2. Intermediate‑exchange regime (Ω ≈ O(1)).
   Exchange with the bulk is frequent enough to partially decouple edges. Each edge behaves almost independently, and its phase is determined mainly by the local connectivity (how many edges feed into or out of its end vertices). The global state can be understood by superimposing the single‑segment phase diagram on each edge, with most edges lying near the MC line, indicating efficient transport. This regime represents a balance between active transport along filaments and replenishment from the cytoplasm.

3. High‑exchange regime (Ω ≫ 1).
   Langmuir kinetics dominate; particles rapidly bind and unbind, erasing the memory of exclusion‑driven jams. All edges converge to the same homogeneous density ρ_eq = ω_on c / (ω_on c + ω_off), where c is the reservoir concentration. The classic TASEP phases disappear, and the system behaves like a well‑mixed Langmuir process.

The authors validate these predictions through mean‑field calculations and extensive Monte‑Carlo simulations on various graph ensembles (regular lattices, Erdős‑Rényi random graphs, scale‑free networks). They demonstrate that the phase boundaries predicted by the effective rate diagram match simulation results across a wide range of system sizes (N ≈ 10^2–10^4) and average degrees. Moreover, they show how the three regimes manifest in observable quantities such as total current, density variance, and correlation length.

Biologically, the three regimes correspond to different cellular strategies. In the low‑exchange limit, transport is highly directed and concentrated along specific “highway” filaments, which could be advantageous for rapid delivery of cargo to particular organelles. In the intermediate regime, the cell achieves a compromise: cargo is efficiently moved along filaments while the cytoplasmic pool supplies and removes particles, allowing flexible redistribution. In the high‑exchange limit, the system behaves like a diffusion‑dominated environment, ensuring uniform distribution of soluble factors.
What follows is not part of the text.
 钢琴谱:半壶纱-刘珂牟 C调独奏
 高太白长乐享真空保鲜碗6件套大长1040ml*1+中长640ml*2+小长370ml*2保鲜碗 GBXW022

The paper concludes that the effective‑rate diagram provides a powerful, intuitive method to reduce the complexity of excluded‑volume transport on arbitrary networks to the well‑understood physics of a single TASEP‑LK segment. This reduction opens the door to quantitative modeling of intracellular transport on realistic cytoskeletal architectures extracted from microscopy data, and suggests extensions such as bidirectional motors, dynamic filament remodeling, and heterogeneous attachment/detachment rates.